According to Klass, who spoke to the Record on behalf of the entire working group, one of the most daunting aspects of the process was the breadth of the team’s charge.
“It [felt] formidable in terms of calibrating the scope of our work, especially given the ambitious timeframe for the process,” Klass said.
Klass said that to tackle the working group’s charge, the members first “identified a list of individuals, organizations and departments whom we felt were essential to advancing our understanding of key issues … and also participated in larger fora.”
Over the course of devising the draft report, Klass says that the group hosted 25 outreach initiatives in order to garner perspectives and feedback.
“Our outreach audiences included student leaders, members of the Board of Trustees, a wide variety of administrative offices, two sets of faculty members (Athletics and the Arts Academic Initiative Working Group), open-ended conversations with the President’s Administrative Group, community meetings at the Log and multiple Strategic Planning group retreats,” the report read.
According to the report, one of the most frequently referenced elements of the learning beyond the campus experience was the residential life system. The working group made numerous recommendations about the operations of residential life at the College. Among the most notable is a recommendation that the College “assess the elimination of the current off-campus housing option for seniors.”

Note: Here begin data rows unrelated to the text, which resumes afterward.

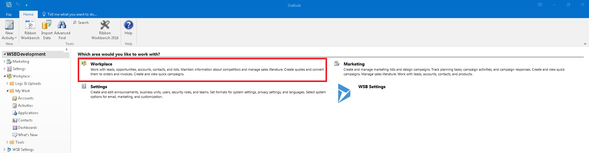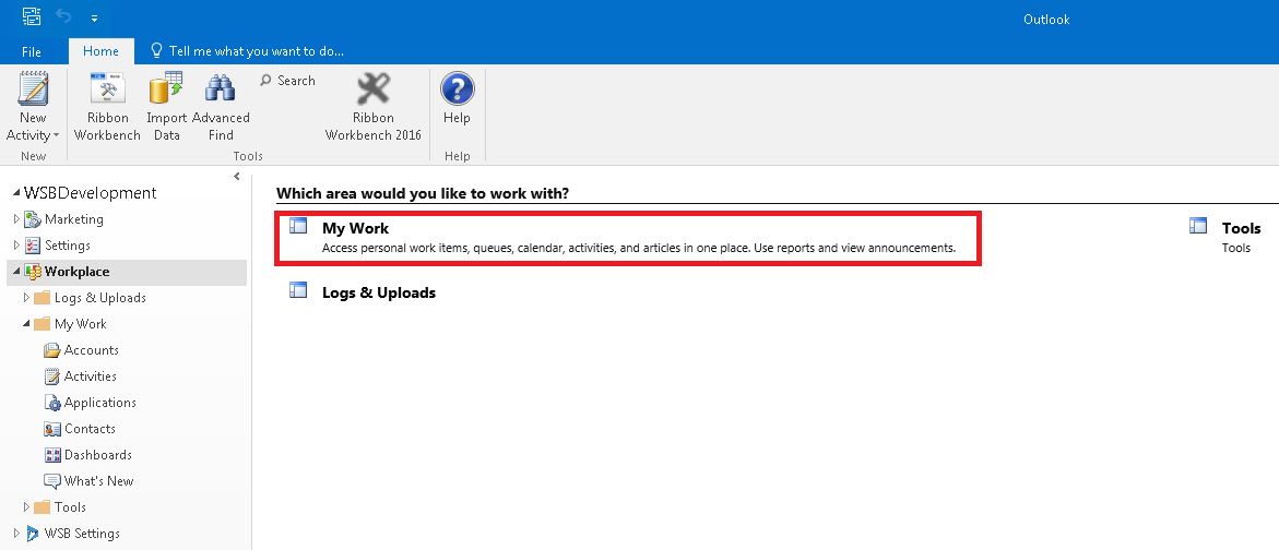 You can also navigate to different sections by going from the main screen to Workplace > My Work and then which ever area you would like to work in (Dashboards, Contacts, Applications, etc.).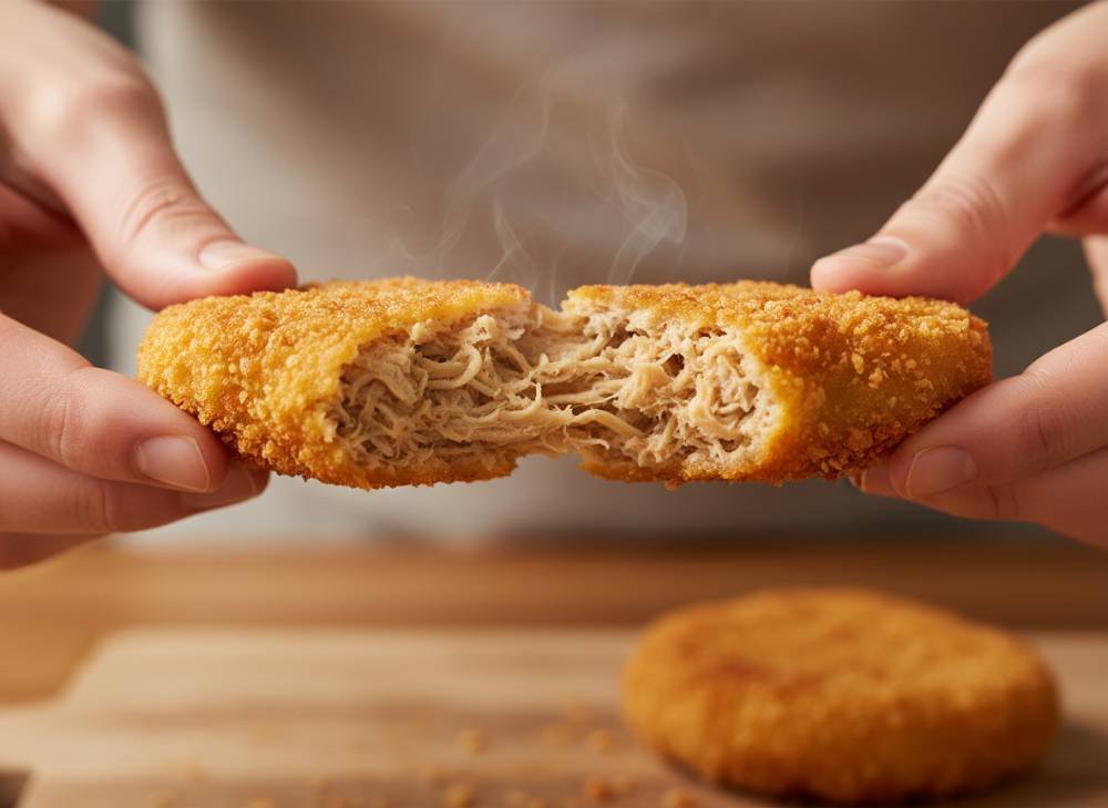 To trick the brain into thinking it’s eating a classic nugget, we use a specific blend of “poultry” aromatics.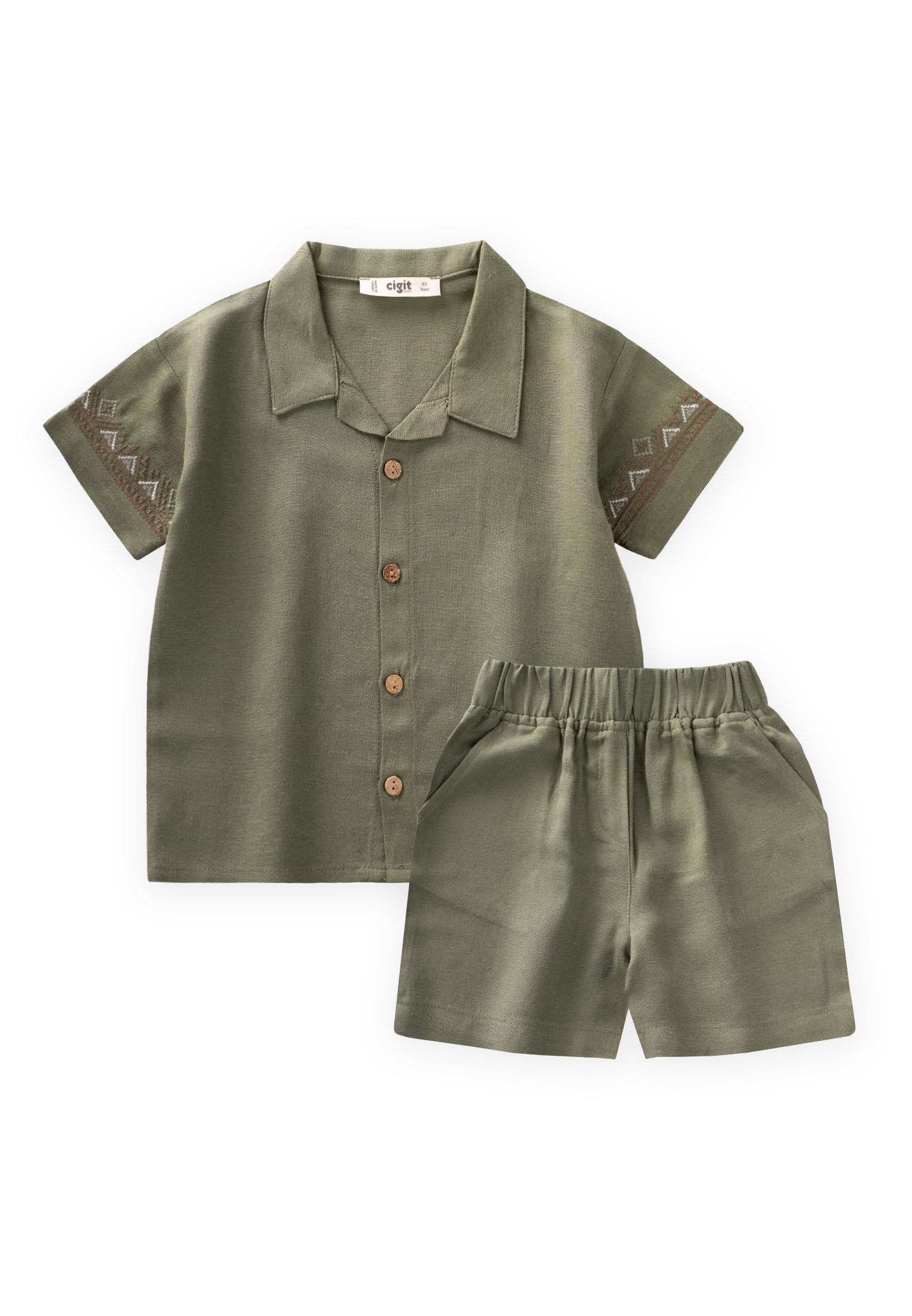 Embroidered Sleeve Shirt and Shorts Linen Set 2-7 Years Old Khaki Green

This recommendation grew out of a finding by the working group that “off-campus housing becomes de facto available only to a) those students with disposable income to place such a large deposit so far in advance; and b) those students whose social networks are likely to remain fundamentally intact over that time period,” according to the report.
The working group also recommended that the College begin to look into affinity housing as an alternative residential opportunity. “Peer schools have developed many successful programmatic variations on what Williams students are calling affinity housing,” the report read. “We strongly recommend that Williams assess and adapt the best attributes of these programs as alternative residential opportunities within a future housing system.”
Discussions of affinity housing came to a head last year after a Black Student Union town hall and subsequent campus activism raised the issue.
Furthermore, regarding first-year residential life, the working group “recommend[ed] locating robust co-curricular programming in housing, starting with a seminar curriculum that connects all first-year students.” The working group also wrote that it heard “strong support for the development of a programmatically integrated four-year residential program.”
In addition to these proposals, the working group made numerous smaller recommendations regarding student wellbeing and envisioning living spaces that further integrate staff and faculty.
Klass said that he and the members of the working group were ultimately encouraged by the feedback and outreach that comprised the strategic planning process.
“There is something truly special about living and learning at Williams, and we worked hard to underscore that fact while identifying areas we can improve upon collectively to ensure everyone feels as if they can thrive and have the opportunity to positively experience Williams in the same way,” Klass said.
He continued, “We found it extremely heartening that most people were genuinely invested in the future of the liberal arts and of imagining what a Williams of the future with a thriving residential community would look like.”